Data shown:
# # #

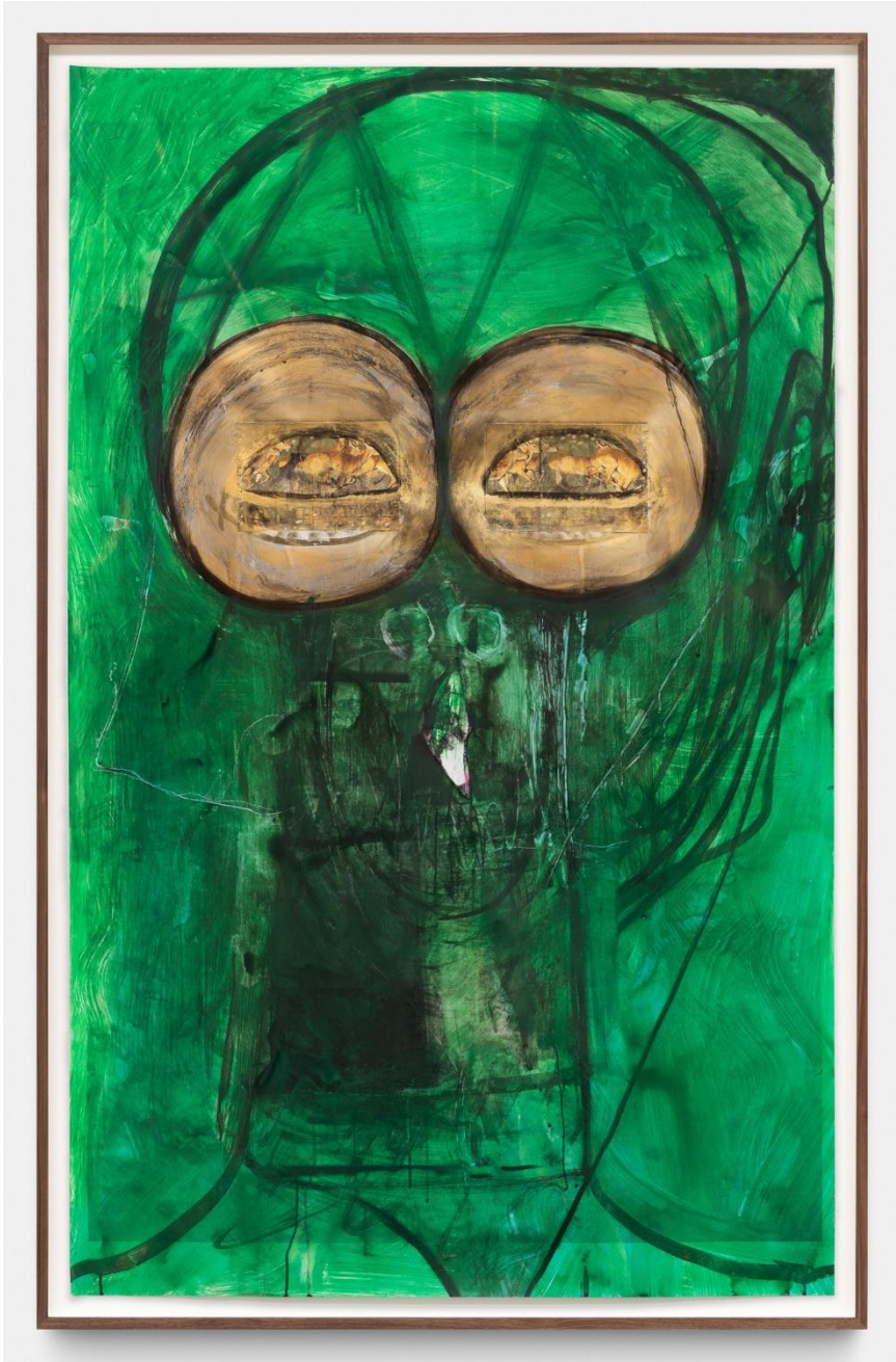
Untitled, Huma Bhabha, 2022.
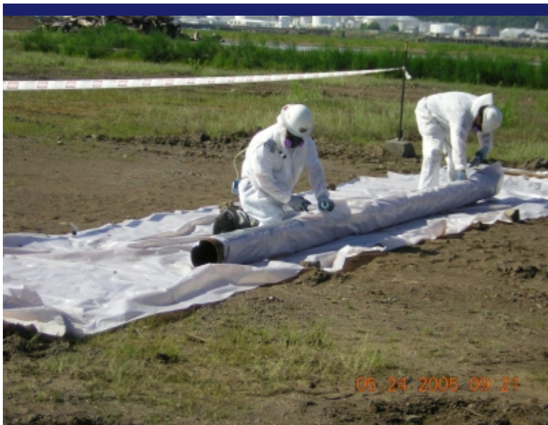
Photo 7 Asbestos pipe being wrapped by PAS, Inc. in two layers of 6 mil plastic sheeting. Direction: West
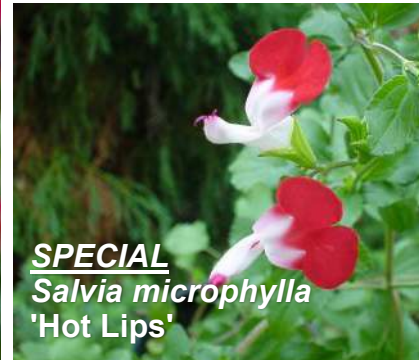
SPECIAL Salvia microphylla 'Hot Lips'
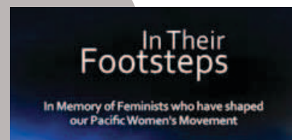
Pacific Women's Conference Tribute Video Femlink Pacific 10 minutes

# # #

Task description: Pictures are to be omitted. Output verbatim only the lines from the one holding "SPECIAL Salvia microphylla 'Hot Lips'" through the end of the material, both included.

Result of the exercise:
SPECIAL Salvia microphylla 'Hot Lips'
Pacific Women's Conference Tribute Video Femlink Pacific 10 minutes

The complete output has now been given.